▶ _Task goal_: Output all of the data exactly, keeping any images out of the copy.

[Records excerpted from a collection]
━━━━━━━━━━━━━━━━

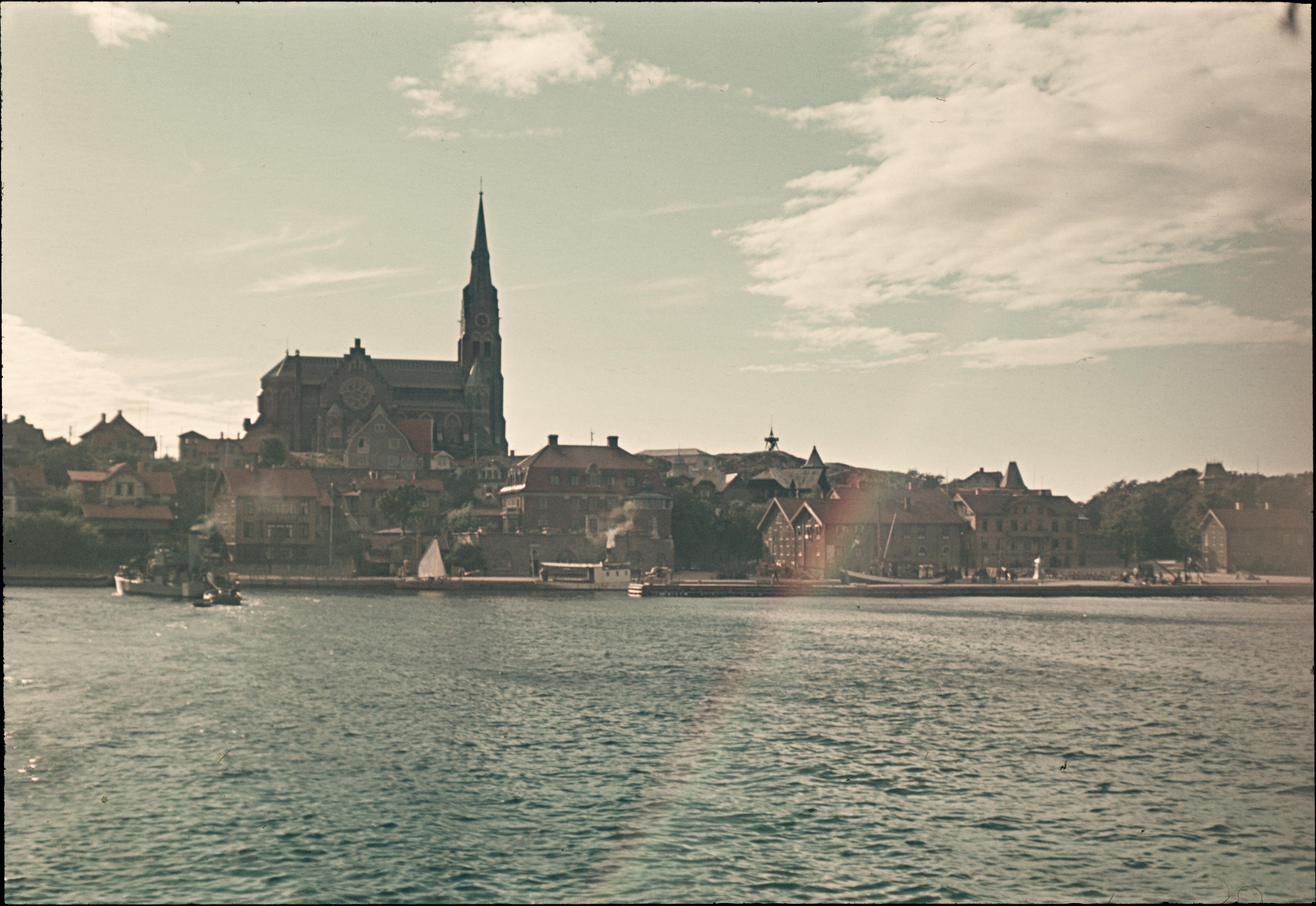 Södra Hamngatan och kyrkan, sett från en båt som far ut på Gullmarn.
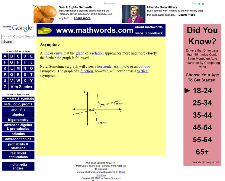 This site from MathWorld provides a picture, or diagram of the asymptotes along with a very brief, one sentence definition. Links are provided for related subjects, along with a short bibliography.
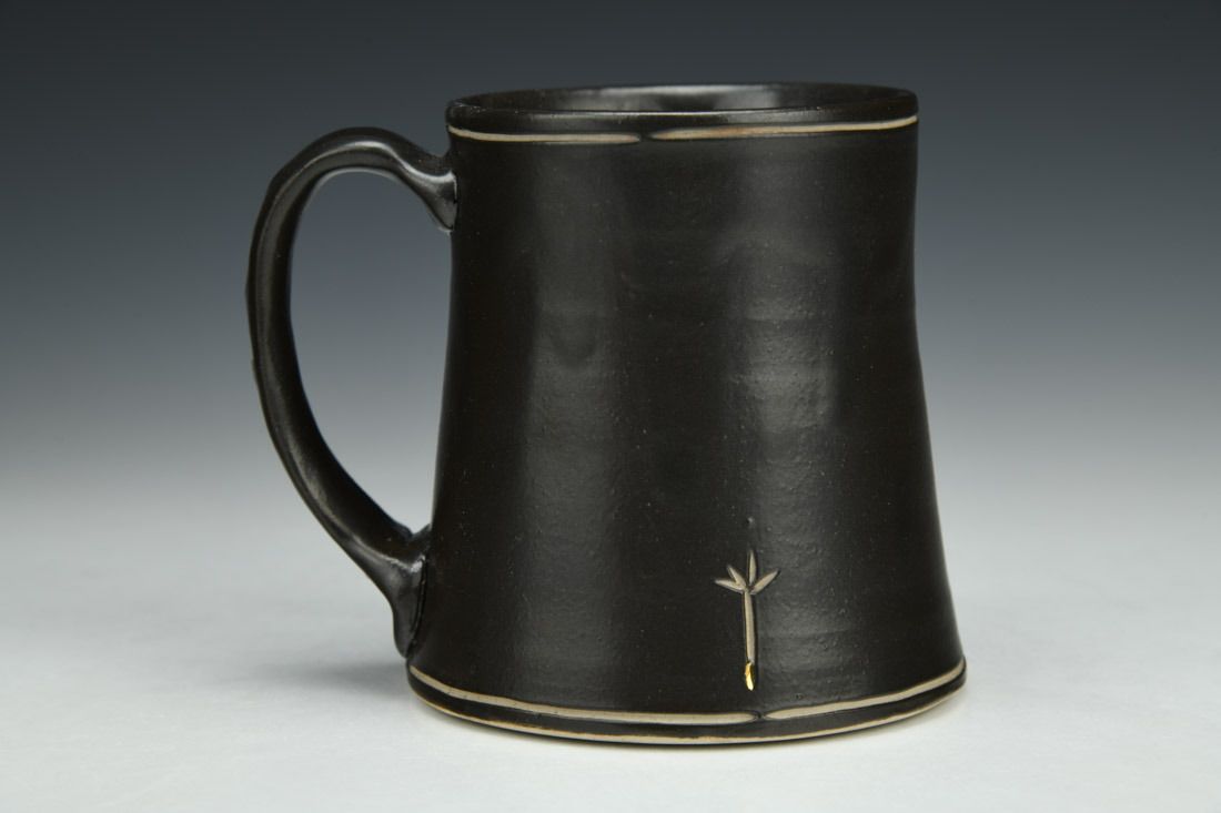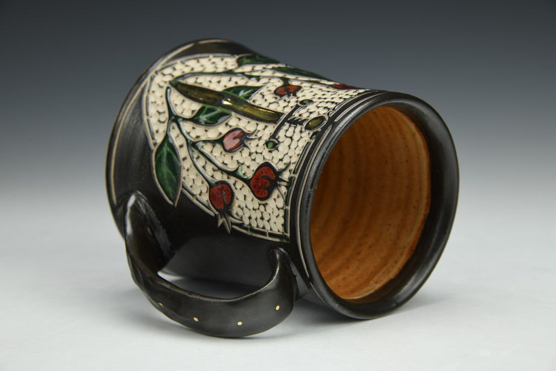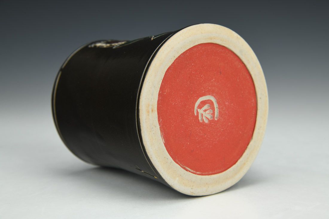 Stoneware, wheel thrown, slip, sgraffito, glaze inlay, gold luster, cone 10 gas reduction fired, 3.75 x 4.5 x 3.5 inches.
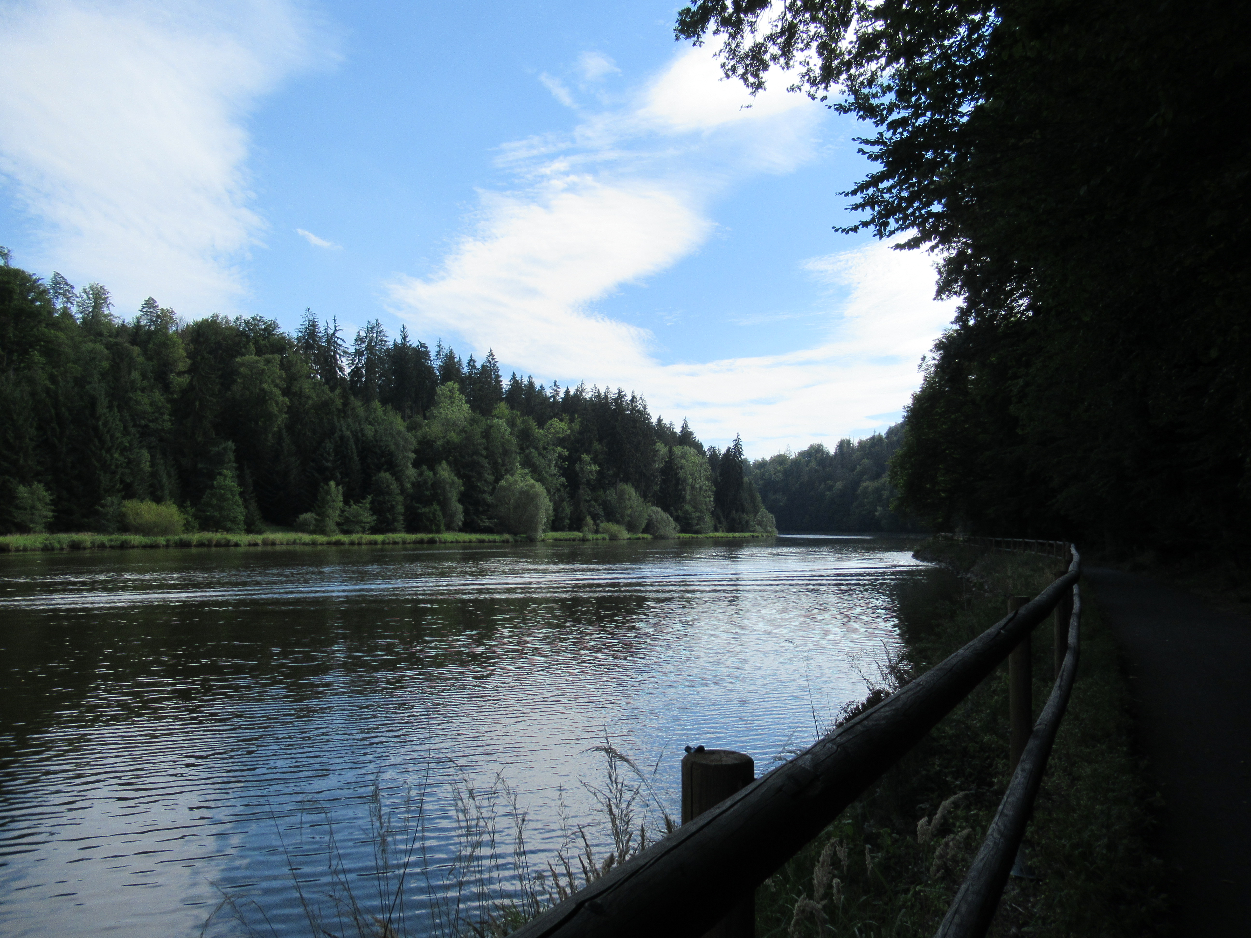 and getting us back in the taxi who had waited for us in about ½ hr. We arrived back in Tyn shortly before noon and took off immediately. By then, it was hot and humid. The route we had worked out yesterday was about 40 kms with a lot of uphill and downhill. Although Ed felt a lot better and no longer had a fever, he felt very weak. The first part of the ride was through farmland. After that we were riding along the river path which was fairly wide and through thick forest. We met a German couple coming the other way who told us that although the map indicated an unpaved portion of bike path ahead for us, there was actually a new paved bike path along the Vltava River all the way to Hluboka nad Vltavou which ended up saving us about 6 kms of riding on dirt and gravel.
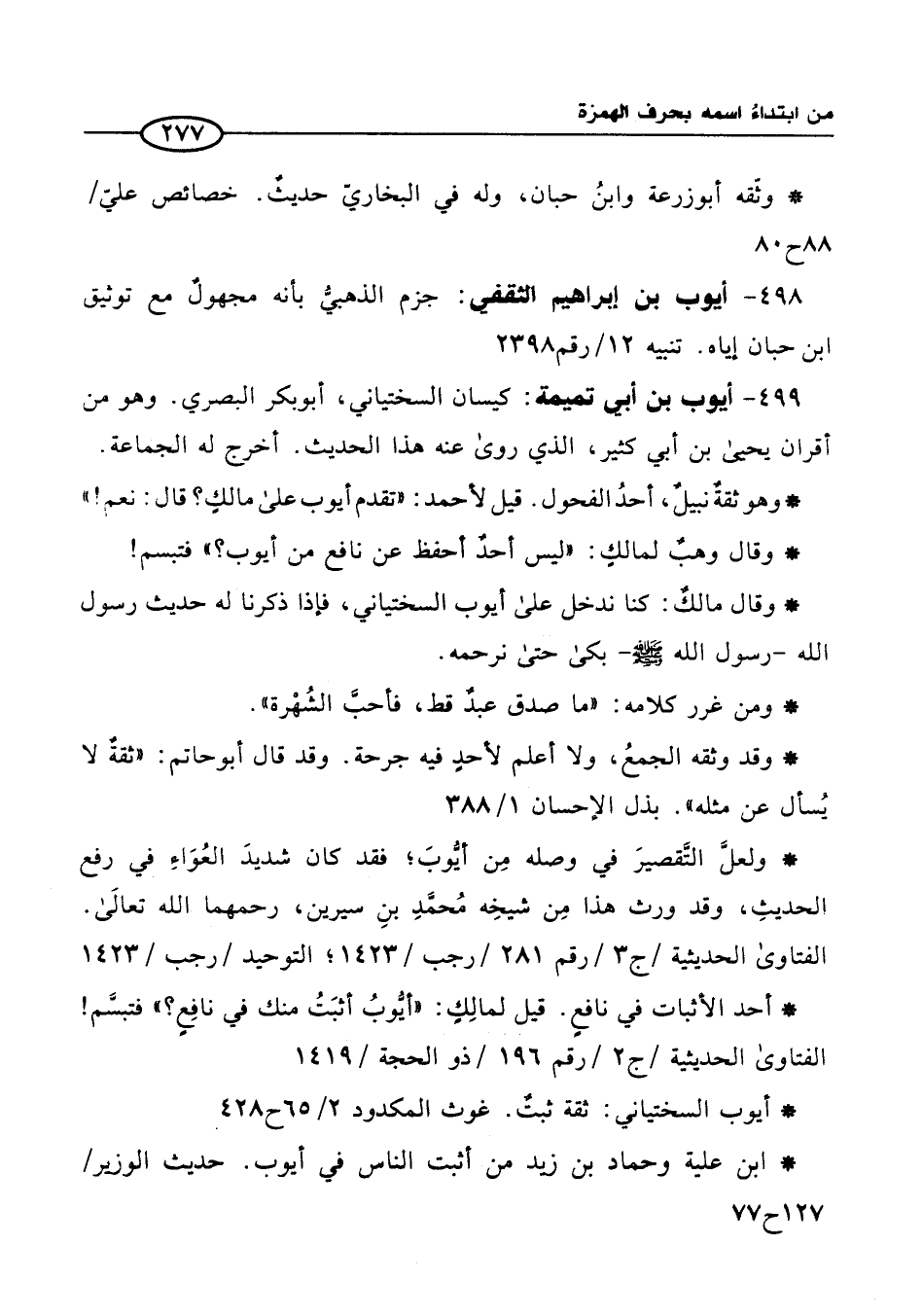 * أيوب السختياني: ثقة ثبتٌ. غوث المكدود 2/ 65ح 428

━━━━━━━━━━━━━━━━

▶ _Solution to the exercise_:
 Södra Hamngatan och kyrkan, sett från en båt som far ut på Gullmarn.
 This site from MathWorld provides a picture, or diagram of the asymptotes along with a very brief, one sentence definition. Links are provided for related subjects, along with a short bibliography.
 Stoneware, wheel thrown, slip, sgraffito, glaze inlay, gold luster, cone 10 gas reduction fired, 3.75 x 4.5 x 3.5 inches.
 and getting us back in the taxi who had waited for us in about ½ hr. We arrived back in Tyn shortly before noon and took off immediately. By then, it was hot and humid. The route we had worked out yesterday was about 40 kms with a lot of uphill and downhill. Although Ed felt a lot better and no longer had a fever, he felt very weak. The first part of the ride was through farmland. After that we were riding along the river path which was fairly wide and through thick forest. We met a German couple coming the other way who told us that although the map indicated an unpaved portion of bike path ahead for us, there was actually a new paved bike path along the Vltava River all the way to Hluboka nad Vltavou which ended up saving us about 6 kms of riding on dirt and gravel.
 * أيوب السختياني: ثقة ثبتٌ. غوث المكدود 2/ 65ح 428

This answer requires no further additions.